══ SUPPLIED DATA ══

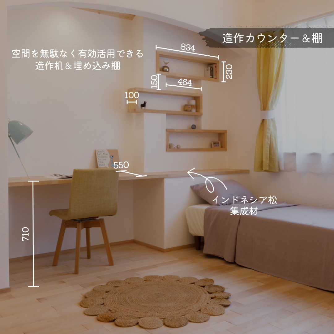 壁の一部を利用した造作カウンターと埋め込み棚。デッドスペースを有効活用できる設計で、学習スペースやワークコーナーとしても活躍します。
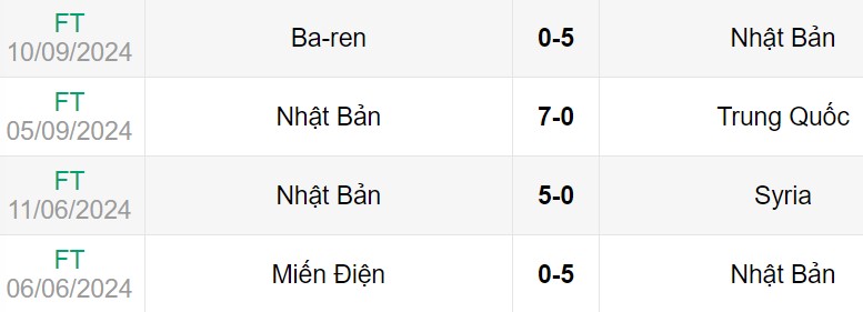- Nhật Bản đã ghi ít nhất một bàn thắng trong 25 trận liên tiếp.
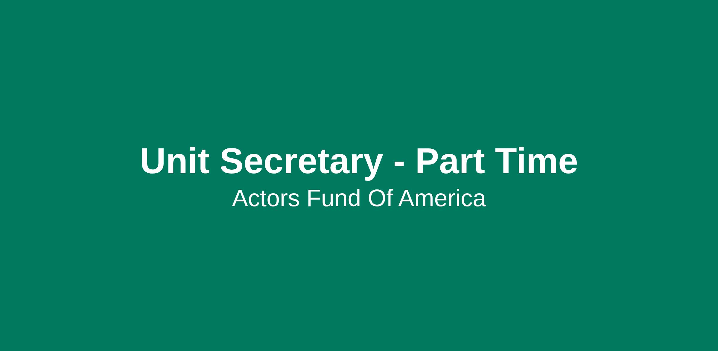 The Actors Fund Home, an assisted living, skilled nursing, accredited dementia care and sub-acute rehabilitation center located in Englewood, NJ, and a recipient of a CMS Five Star Rating seeks a Part Time Unit Secretary to perform clerical and secretarial day to day duties for the Nursing department and maintain medical records. The shift requirement for this position is 8:30am - 5:00pm Saturday and 5pm - 9pm Sunday.

═══

ASSIGNMENT:
Leave out the pictures, then repeat the listing above exactly from its first line to the line with "- Nhật Bản đã", inclusive.

SOLUTION FOR THIS PROBLEM:
 壁の一部を利用した造作カウンターと埋め込み棚。デッドスペースを有効活用できる設計で、学習スペースやワークコーナーとしても活躍します。
- Nhật Bản đã ghi ít nhất một bàn thắng trong 25 trận liên tiếp.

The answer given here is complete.